** TASK REQUIREMENTS **
The expected output is the data below, character for character, without its pictures.

*** DATASET EXCERPT ***

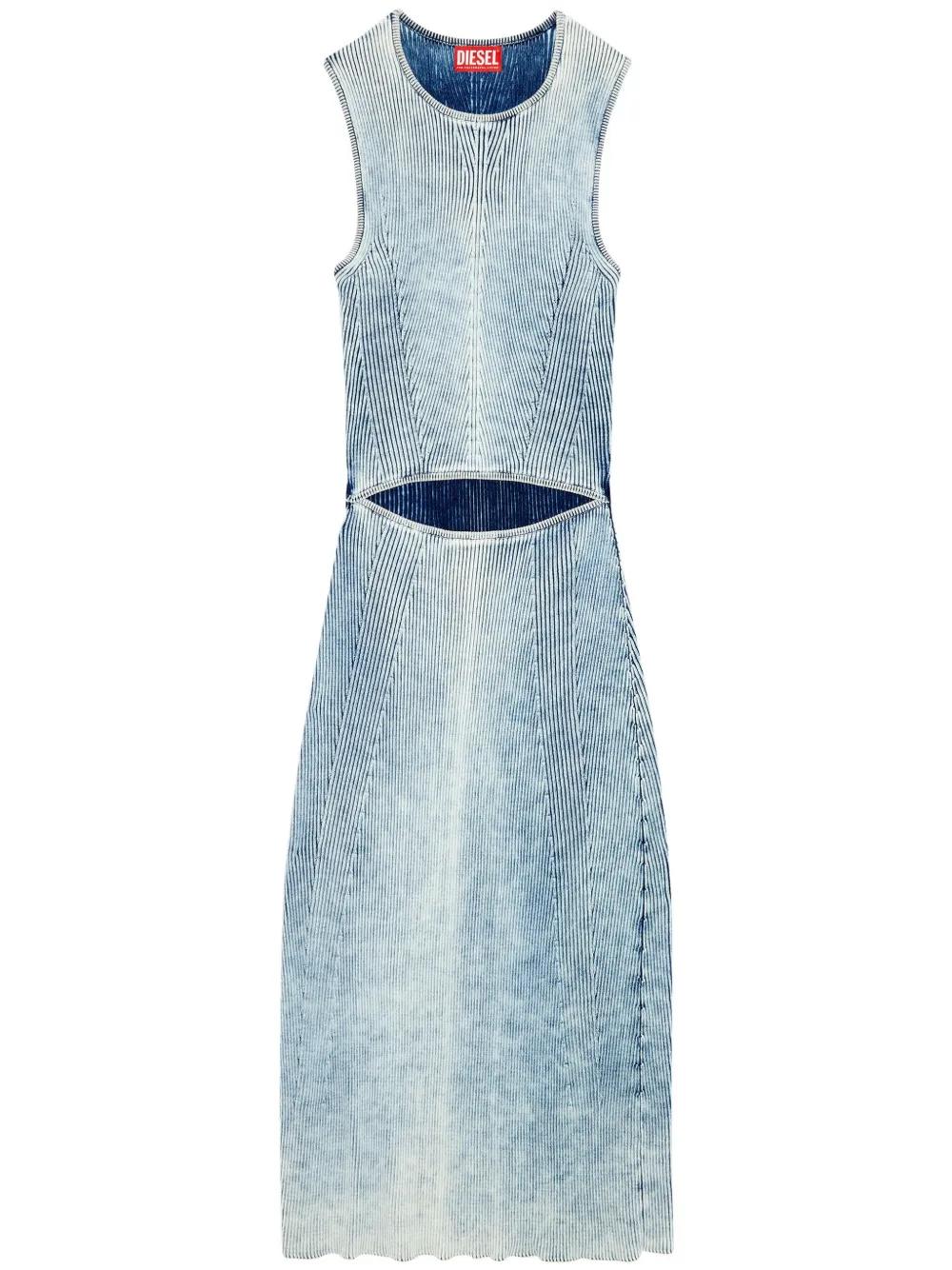 blue stretch-cotton ribbed knit round neck sleeveless cut-out detailing bodycon design calf-length straight hem
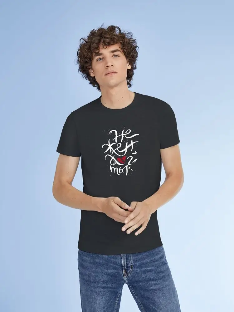 Футболка «Нежен», черный меланж, размер M
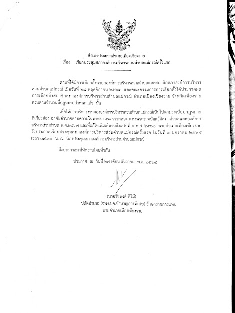 ประกาศเรียกประชุมสภาองค์การบริหารส่วนตำบลแม่กรณ์ ครั้งแรก
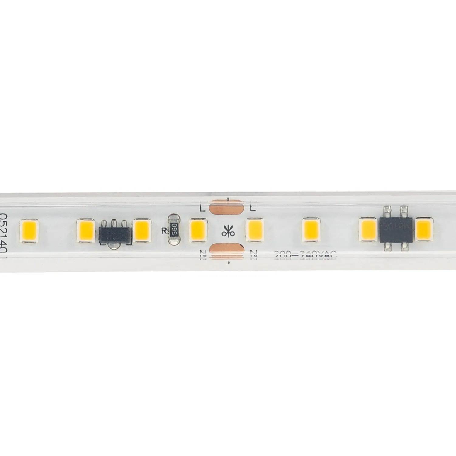 Le Ruban LED Dimmable 220V AC 120LED/m Blanc froid High Lumen sur mesure Largeur 12mm coupe tous les 10cm IP65 ne nécessite aucun type de rectificateur car elle se branche directement au secteur. Sa flexibilité lui permet de s’adapter à presque toutes les surfaces.

*** End of DATASET EXCERPT ***

** OUTPUT OF THE TASK **
 blue stretch-cotton ribbed knit round neck sleeveless cut-out detailing bodycon design calf-length straight hem
 Футболка «Нежен», черный меланж, размер M
 ประกาศเรียกประชุมสภาองค์การบริหารส่วนตำบลแม่กรณ์ ครั้งแรก
 Le Ruban LED Dimmable 220V AC 120LED/m Blanc froid High Lumen sur mesure Largeur 12mm coupe tous les 10cm IP65 ne nécessite aucun type de rectificateur car elle se branche directement au secteur. Sa flexibilité lui permet de s’adapter à presque toutes les surfaces.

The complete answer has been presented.